Section: Arts

Patti Harrison talks queerness in comedy on panel

On Thursday, Sept. 7, Kenyon students logged onto Zoom for a Q&A session with comedian Patti Harrison, moderated by comic writer Guy Branum. The Q&A was centered around Branum and Harrison’s experiences as queer comics. 

Branum worked as a writer, actor and producer on Mindy Kaling’s sitcom The Mindy Project. Harrison, on the other hand, is known for her appearances in the Netflix show I Think You Should Leave and Hulu sitcom Shrill. She also discussed working on the podcasts A Woman’s Smile with friend Lorelei Ramirez and Disease Sleuth during the COVID-19 pandemic. Harrison also discussed her experiences writing among comic friends and contemporaries for the Netflix adult animated series Big Mouth.

The event began with an opening stand-up routine from Two Drink Minimum club member Catherine Jones ’22, where she told anecdotes about getting her blood drawn or fighting with her family on Zoom. 

Harrison discussed how she developed her own, distinct  voice of slightly absurd, raunchy humor while also combating the expectations placed on her as a trans woman of color in comedy. In response to being cast in tokenizing roles, Harrison said that she has learned to choose roles that serve her own “crude style” and do not place her in a box. 

Branum and Harrison connected over their shared “journey in accepting queerness” and how that journey varies from comic to comic, especially depending on the spaces they occupy. When asked about her early days in comedy, Harrison talked about getting started in New York City and finding safe spaces in which to perform. She recounted her first show, where she performed with friends for an audience. “There was no one watching the show who wasn’t involved [in the production] somehow,” she said.
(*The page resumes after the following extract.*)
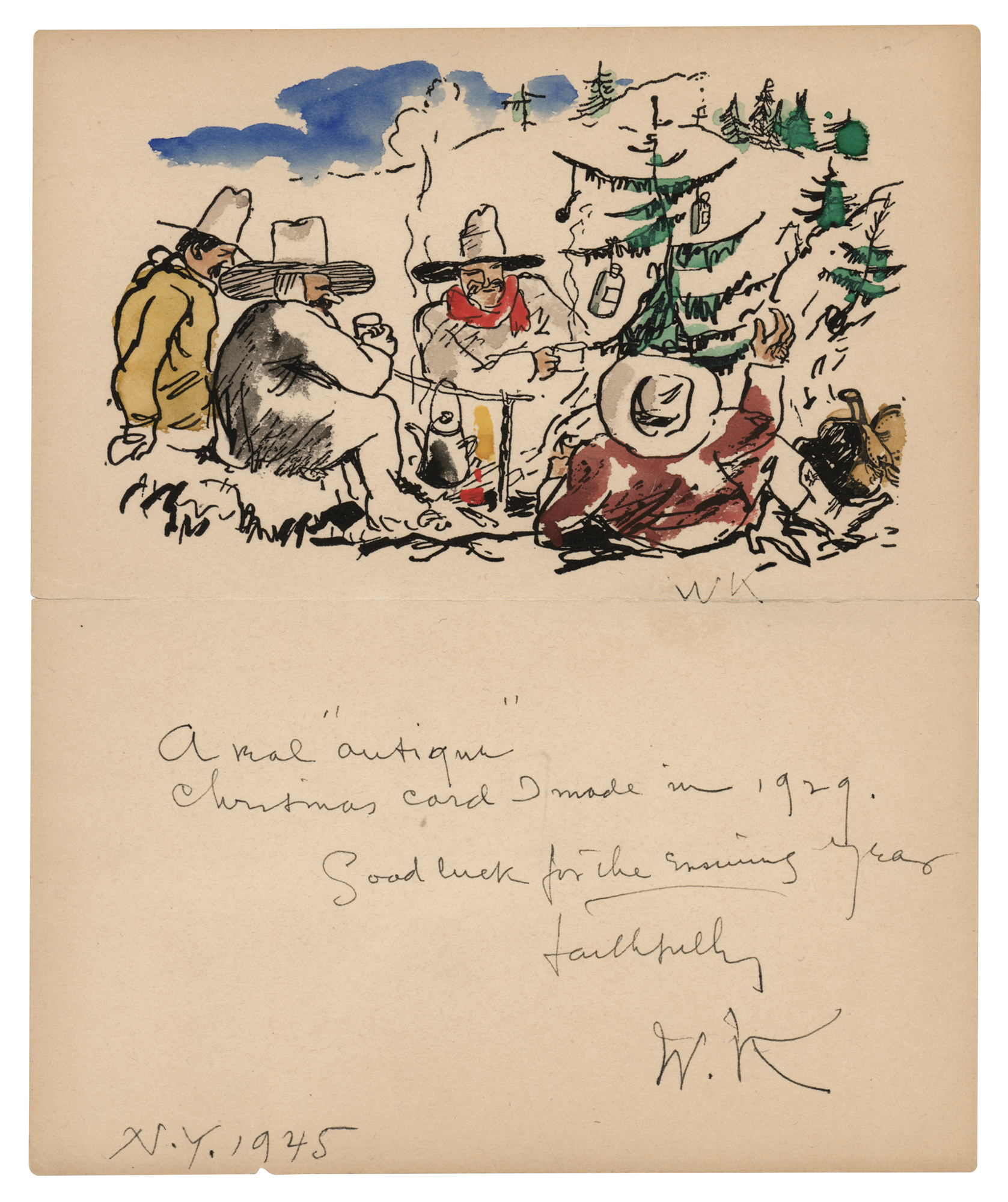 American painter (1877-1949) and an organizer of the famous Armory Show of 1913, which was America's first large-scale introduction to European Modernism. Vintage Christmas card from Walter Kuhn, 5.75 x 7.25, featuring a printed reproduction of a hand-colored drawing by Kuhn depicting several Old West figures sitting around a campfire next to a small ‘Christmas tree.’ Signed in the lower portion in black ink, “A real 'antique' Christmas card I made in 1929. Good Luck for the ensuing year, faithfully, W. K., N. Y. 1945.” In fine condition.

Branum also asked Harrison about how she confronts her upbringing in a conservative, predominately white Ohio town in her stand-up. Harrison said that she has learned to be very careful about the audiences with which she discusses her hometown, as those coming from different spaces may use her work as an opportunity to mock a place they don’t understand instead of laughing at the absurdity of  her experiences. “The place where I’m from isn’t the place they think I’m talking about,” she said. 

Branum identified with Harrison’s comments and shared his own experiences growing up in a low-income family in a small town in California. “I’ve had kids whose parents are lawyers come up and tell me I can’t make jokes about this and [they don’t realize] I actually grew up poor.”

“The show absolutely flew by. I was having so much fun talking to Guy [Branum], and the questions prepared for us were really engaging launching points.” Harrison told the Collegian. “It was a blast talking [with Guy]. I’m thankful to the students and staff that brought this whole thing together. Hopefully I can see everyone in person when we’re out of the pandemic!”